→ **Task directions**: Beginning with the line that has "上图:建筑师密斯·范德罗与妻", write out each line down to the end of the records below exactly, and include no pictures.

------------------------

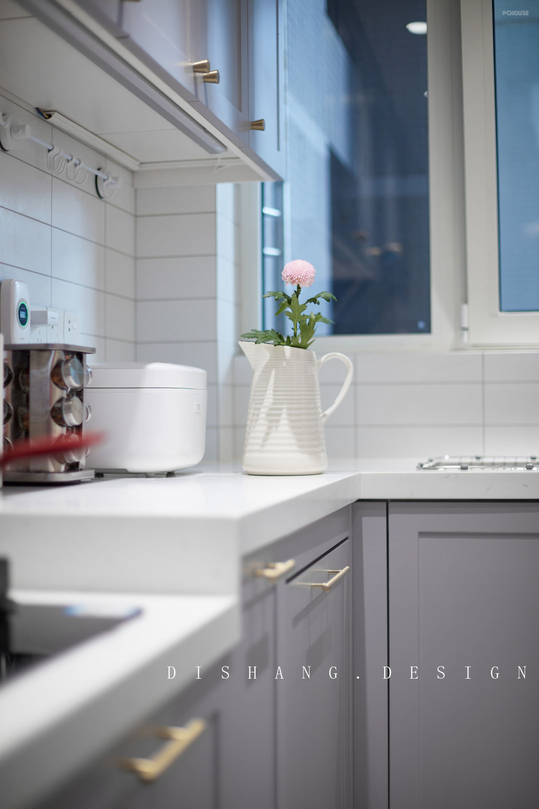 U型厨房增加台面操作面积,基本功能齐全,划分明确,操作动线更加合理流畅;灰紫色与白色搭配,加上金属把手的设计,空间温柔而高级。
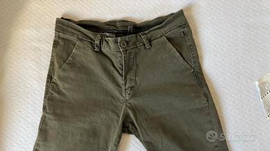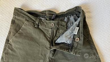Elasticizzati, comodi ed eleganti. Cotone 97%. Taglia 46. Tasche all'americana. Colore verdone. lavorazione totalmente artigianale
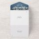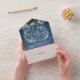 Todo en una invitación de boda con luces de cuerda de bonito, guirnaldas florales hechas a mano y tipografía de moda en un fondo azul rústico de paneles de madera. La invitación incluye una tarjeta RSVP perforada con el código QR de su sitio web boda y detalles. Diseñado por Thisisnotme©
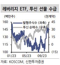 최 연구원은 “최근 투신권의 선물 매수 유입과 동시 레버리지 ETF의 발행 주식수도 늘어나고 있다”며 “조정 구간을 거쳐 가격 메리트가 나타나면서 레버리지 ETF를 찾는 수요가 증가한 것으로 추정한다”고 전했다.
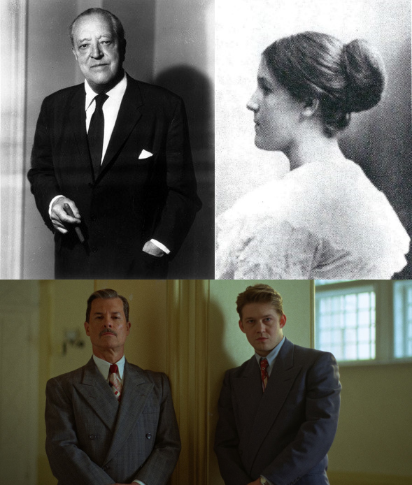 上图:建筑师密斯·范德罗与妻子阿达·布伦;下图:《粗野派》中的资本家哈里森·李·范布伦父子
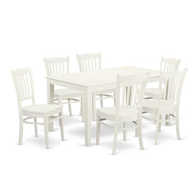 HomeStock 7-Pc Rectangle Linen White Finish Solid Wood Top Dining Table with 6 Parson-Chairs
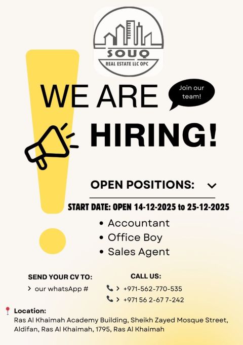 Need a good Background and a hardworking person to maintain the cleanliness of the office and willing to work outside service in Ras Al-Khaimah Mosque Street Aldifan. Office Boy is a must needed

------------------------

→ **Answer to this task**:
 上图:建筑师密斯·范德罗与妻子阿达·布伦;下图:《粗野派》中的资本家哈里森·李·范布伦父子
 HomeStock 7-Pc Rectangle Linen White Finish Solid Wood Top Dining Table with 6 Parson-Chairs
 Need a good Background and a hardworking person to maintain the cleanliness of the office and willing to work outside service in Ras Al-Khaimah Mosque Street Aldifan. Office Boy is a must needed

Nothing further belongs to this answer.